**Your instructions**
Begin at the line that has "Schmidt wurde Dritte.", stop after the line that has "한편 중국과학원(CAS) 광저우", and print exactly those lines from the records below, without any pictures.

====== Provided records

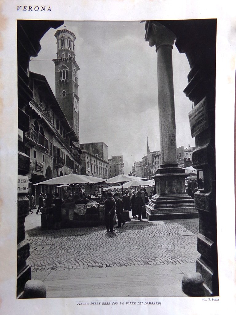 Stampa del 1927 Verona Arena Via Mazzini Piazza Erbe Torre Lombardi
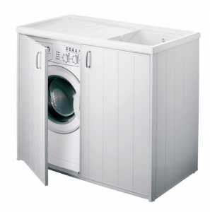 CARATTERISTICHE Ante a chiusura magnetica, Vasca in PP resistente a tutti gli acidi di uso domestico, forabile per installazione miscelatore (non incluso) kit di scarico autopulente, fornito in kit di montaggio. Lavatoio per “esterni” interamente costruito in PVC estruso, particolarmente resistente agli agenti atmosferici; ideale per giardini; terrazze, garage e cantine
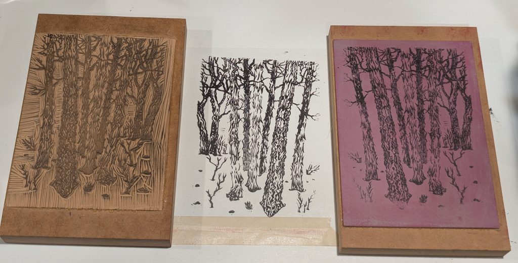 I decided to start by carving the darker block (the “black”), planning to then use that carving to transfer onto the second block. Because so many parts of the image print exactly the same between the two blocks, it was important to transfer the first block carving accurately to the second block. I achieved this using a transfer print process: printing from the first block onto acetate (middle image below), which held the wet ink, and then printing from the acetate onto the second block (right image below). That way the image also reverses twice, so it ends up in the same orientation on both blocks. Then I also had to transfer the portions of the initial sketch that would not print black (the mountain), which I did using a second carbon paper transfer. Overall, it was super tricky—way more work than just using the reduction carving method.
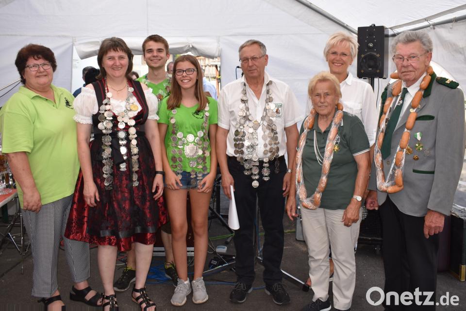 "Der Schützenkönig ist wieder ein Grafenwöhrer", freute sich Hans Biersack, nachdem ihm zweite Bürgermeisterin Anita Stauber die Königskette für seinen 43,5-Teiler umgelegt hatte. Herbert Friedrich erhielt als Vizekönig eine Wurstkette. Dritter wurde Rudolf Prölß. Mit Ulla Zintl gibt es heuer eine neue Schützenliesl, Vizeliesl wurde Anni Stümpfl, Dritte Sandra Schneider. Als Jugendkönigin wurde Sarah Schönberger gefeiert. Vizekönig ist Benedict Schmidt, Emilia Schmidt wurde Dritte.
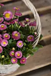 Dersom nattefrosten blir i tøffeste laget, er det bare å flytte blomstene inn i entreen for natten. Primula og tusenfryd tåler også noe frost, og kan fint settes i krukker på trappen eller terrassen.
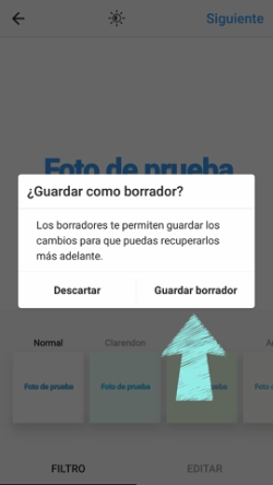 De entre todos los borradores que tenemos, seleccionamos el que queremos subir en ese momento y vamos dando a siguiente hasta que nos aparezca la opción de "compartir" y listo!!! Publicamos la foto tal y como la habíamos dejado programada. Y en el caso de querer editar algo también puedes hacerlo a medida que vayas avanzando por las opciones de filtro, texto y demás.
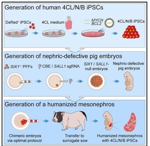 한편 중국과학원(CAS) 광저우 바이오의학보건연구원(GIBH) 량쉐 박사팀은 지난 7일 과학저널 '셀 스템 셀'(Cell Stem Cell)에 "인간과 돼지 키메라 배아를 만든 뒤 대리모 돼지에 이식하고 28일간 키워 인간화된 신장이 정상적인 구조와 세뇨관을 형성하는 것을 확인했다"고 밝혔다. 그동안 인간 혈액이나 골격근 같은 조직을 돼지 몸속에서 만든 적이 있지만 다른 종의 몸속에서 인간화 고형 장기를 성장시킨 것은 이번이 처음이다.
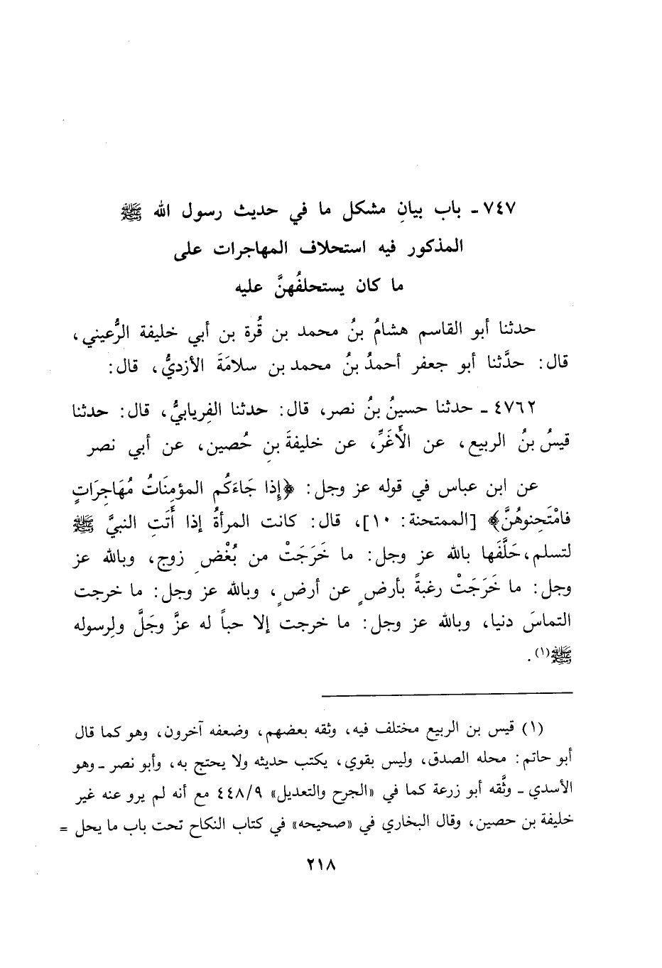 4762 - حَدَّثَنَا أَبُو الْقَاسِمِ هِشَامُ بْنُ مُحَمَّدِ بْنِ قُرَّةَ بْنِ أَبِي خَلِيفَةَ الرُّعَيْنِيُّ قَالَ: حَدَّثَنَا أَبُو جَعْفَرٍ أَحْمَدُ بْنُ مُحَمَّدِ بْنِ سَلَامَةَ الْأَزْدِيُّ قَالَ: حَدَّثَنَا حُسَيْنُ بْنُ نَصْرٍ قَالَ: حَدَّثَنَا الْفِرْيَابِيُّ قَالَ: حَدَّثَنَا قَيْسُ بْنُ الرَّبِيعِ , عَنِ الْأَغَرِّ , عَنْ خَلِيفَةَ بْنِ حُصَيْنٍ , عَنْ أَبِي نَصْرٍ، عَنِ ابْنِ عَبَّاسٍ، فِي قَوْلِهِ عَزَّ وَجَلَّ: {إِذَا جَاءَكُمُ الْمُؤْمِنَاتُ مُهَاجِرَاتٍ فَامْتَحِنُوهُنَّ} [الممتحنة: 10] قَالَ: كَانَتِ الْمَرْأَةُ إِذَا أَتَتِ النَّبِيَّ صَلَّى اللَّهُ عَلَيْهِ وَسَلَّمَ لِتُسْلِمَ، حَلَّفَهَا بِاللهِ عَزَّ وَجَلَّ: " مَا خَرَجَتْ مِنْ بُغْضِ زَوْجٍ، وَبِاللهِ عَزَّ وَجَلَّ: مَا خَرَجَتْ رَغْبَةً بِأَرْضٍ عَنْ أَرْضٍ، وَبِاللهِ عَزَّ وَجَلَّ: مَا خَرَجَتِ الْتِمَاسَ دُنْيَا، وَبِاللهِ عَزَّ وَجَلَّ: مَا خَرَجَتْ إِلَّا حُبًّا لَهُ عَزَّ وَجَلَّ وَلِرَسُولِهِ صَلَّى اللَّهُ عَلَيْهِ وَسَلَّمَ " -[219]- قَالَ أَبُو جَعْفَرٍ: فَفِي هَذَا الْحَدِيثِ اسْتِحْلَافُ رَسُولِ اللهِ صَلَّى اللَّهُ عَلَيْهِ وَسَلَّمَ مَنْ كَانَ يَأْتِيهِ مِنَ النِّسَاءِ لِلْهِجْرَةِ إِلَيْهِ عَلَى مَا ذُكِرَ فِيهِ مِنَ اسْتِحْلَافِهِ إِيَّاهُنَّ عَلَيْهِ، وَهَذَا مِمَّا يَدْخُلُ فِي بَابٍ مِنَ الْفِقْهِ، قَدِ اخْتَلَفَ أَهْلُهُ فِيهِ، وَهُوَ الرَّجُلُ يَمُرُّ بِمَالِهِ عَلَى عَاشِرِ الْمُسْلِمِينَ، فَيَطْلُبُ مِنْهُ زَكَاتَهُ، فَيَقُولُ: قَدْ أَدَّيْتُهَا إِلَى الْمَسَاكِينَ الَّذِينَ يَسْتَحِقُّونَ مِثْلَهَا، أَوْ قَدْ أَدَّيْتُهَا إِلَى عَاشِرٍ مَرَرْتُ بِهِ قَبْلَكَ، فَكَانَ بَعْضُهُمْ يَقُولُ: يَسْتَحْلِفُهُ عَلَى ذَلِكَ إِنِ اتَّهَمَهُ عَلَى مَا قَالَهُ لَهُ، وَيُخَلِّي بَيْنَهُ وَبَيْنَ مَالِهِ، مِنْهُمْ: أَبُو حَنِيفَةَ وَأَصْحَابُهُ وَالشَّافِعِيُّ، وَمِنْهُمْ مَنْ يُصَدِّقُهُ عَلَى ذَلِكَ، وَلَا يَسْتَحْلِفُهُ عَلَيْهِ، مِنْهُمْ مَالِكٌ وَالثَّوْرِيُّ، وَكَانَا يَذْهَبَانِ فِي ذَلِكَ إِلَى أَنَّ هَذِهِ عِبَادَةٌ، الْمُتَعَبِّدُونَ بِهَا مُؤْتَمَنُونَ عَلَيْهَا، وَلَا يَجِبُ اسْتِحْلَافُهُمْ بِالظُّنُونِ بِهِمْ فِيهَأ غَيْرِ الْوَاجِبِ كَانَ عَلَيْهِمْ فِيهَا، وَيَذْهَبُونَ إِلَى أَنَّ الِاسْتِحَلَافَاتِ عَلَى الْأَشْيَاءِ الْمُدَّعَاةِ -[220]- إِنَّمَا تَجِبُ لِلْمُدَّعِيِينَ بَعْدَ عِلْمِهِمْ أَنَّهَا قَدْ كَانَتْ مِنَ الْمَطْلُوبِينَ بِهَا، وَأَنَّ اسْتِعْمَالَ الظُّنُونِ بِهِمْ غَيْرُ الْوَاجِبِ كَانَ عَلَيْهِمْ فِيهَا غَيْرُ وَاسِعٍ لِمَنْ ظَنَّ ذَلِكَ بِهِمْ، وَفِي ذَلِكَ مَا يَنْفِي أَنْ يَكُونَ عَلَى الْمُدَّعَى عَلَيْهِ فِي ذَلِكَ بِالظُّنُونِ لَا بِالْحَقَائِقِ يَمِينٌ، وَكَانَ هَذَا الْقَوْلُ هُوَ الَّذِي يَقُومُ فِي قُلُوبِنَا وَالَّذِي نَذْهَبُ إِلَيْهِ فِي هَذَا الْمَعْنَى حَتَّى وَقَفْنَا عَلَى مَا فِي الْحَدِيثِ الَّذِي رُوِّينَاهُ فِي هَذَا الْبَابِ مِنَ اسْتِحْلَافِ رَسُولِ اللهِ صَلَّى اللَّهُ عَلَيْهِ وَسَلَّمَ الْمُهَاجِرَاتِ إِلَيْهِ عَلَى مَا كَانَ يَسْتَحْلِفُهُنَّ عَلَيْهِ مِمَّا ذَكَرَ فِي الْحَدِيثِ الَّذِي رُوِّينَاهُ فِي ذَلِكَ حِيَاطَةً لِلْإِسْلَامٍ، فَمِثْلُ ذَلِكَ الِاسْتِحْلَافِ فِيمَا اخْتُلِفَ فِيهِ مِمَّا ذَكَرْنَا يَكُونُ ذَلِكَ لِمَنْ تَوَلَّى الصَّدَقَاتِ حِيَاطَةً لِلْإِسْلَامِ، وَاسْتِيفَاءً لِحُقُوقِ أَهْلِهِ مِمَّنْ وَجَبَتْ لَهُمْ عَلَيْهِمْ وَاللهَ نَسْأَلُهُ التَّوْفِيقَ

============

**Reply to the task**
 "Der Schützenkönig ist wieder ein Grafenwöhrer", freute sich Hans Biersack, nachdem ihm zweite Bürgermeisterin Anita Stauber die Königskette für seinen 43,5-Teiler umgelegt hatte. Herbert Friedrich erhielt als Vizekönig eine Wurstkette. Dritter wurde Rudolf Prölß. Mit Ulla Zintl gibt es heuer eine neue Schützenliesl, Vizeliesl wurde Anni Stümpfl, Dritte Sandra Schneider. Als Jugendkönigin wurde Sarah Schönberger gefeiert. Vizekönig ist Benedict Schmidt, Emilia Schmidt wurde Dritte.
 Dersom nattefrosten blir i tøffeste laget, er det bare å flytte blomstene inn i entreen for natten. Primula og tusenfryd tåler også noe frost, og kan fint settes i krukker på trappen eller terrassen.
 De entre todos los borradores que tenemos, seleccionamos el que queremos subir en ese momento y vamos dando a siguiente hasta que nos aparezca la opción de "compartir" y listo!!! Publicamos la foto tal y como la habíamos dejado programada. Y en el caso de querer editar algo también puedes hacerlo a medida que vayas avanzando por las opciones de filtro, texto y demás.
 한편 중국과학원(CAS) 광저우 바이오의학보건연구원(GIBH) 량쉐 박사팀은 지난 7일 과학저널 '셀 스템 셀'(Cell Stem Cell)에 "인간과 돼지 키메라 배아를 만든 뒤 대리모 돼지에 이식하고 28일간 키워 인간화된 신장이 정상적인 구조와 세뇨관을 형성하는 것을 확인했다"고 밝혔다. 그동안 인간 혈액이나 골격근 같은 조직을 돼지 몸속에서 만든 적이 있지만 다른 종의 몸속에서 인간화 고형 장기를 성장시킨 것은 이번이 처음이다.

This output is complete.